Another immigration success story in this area concerns several families that came from Mexico in the very early 1900's. No money they lived in old boxcars south of the tracks. They quickly earned a reputation for being good workers. Sugar beets, potatoes, corn and truck gardens all raised nearby required hand labor and these immigrants accompanied by their natural born kids knew how to work! The original couples' language was Spanish but the generation born here quickly learned English and taught their parents. Most of the grandkids refused to learn Spanish (a mistake in my way of thinking) and insisted on being 100% American. Good people, a real asset to this community.
Illegal immigration has been a non-problem for most of this country's history.

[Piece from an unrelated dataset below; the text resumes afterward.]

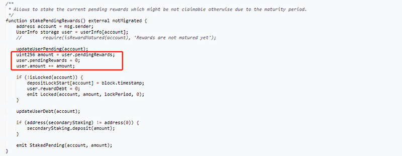 receiveUpPool()andwithdraw()to accumulate rewards. - Further, the attacker utilised stakePendingRewards to convert the collected rewards into staking amounts.

Those arriving from overseas were processed, those with disease rejected, registered and sent their way. Those arriving from Canada and Mexico with intent to immigrate also were registered and given papers to make their "visiting" status legal. Most succeeded through stint of hard work, made the effort to learn English and became proud citizens of their adopted country.
Now we are experiencing large numbers of non-citizens sneaking across our borders in hopes of getting a better life than was possible in their country of birth. Unregistered these "illegal aliens" tend to hide from police and ICE for fear of having their illegal status exposed and being deported. Having no way to gain the rights and privileges that come with citizenship they are condemned to hide from society. A system that forces them to not integrate with their neighbors and become American is just dumb.
President Reagan in 1986 signed a bill granting amnesty for illegal aliens in country at that time. The agreement was to also stop illegal immigration so all newcomers would be registered and would have a path to citizenship. The amnesty worked just fine but the rest didn't happen. The illegal hopefuls just keep coming.
I can't blame people for wanting a better life for themselves, their children and succeeding generations. Obviously our immigration system is broken and needs to be fixed. It is a problem for we who vote as it is hard to sort out how the candidates running for office stand on the matter. If their intended course of action for solution to the mess is one of compassion and good sense let's get them elected. If their solution is only a political gambit in an attempt to buy votes do not mark their name on the ballot. For sure we don't need any more liberal/progressive Democrats who want for "Hope and Change" to our country.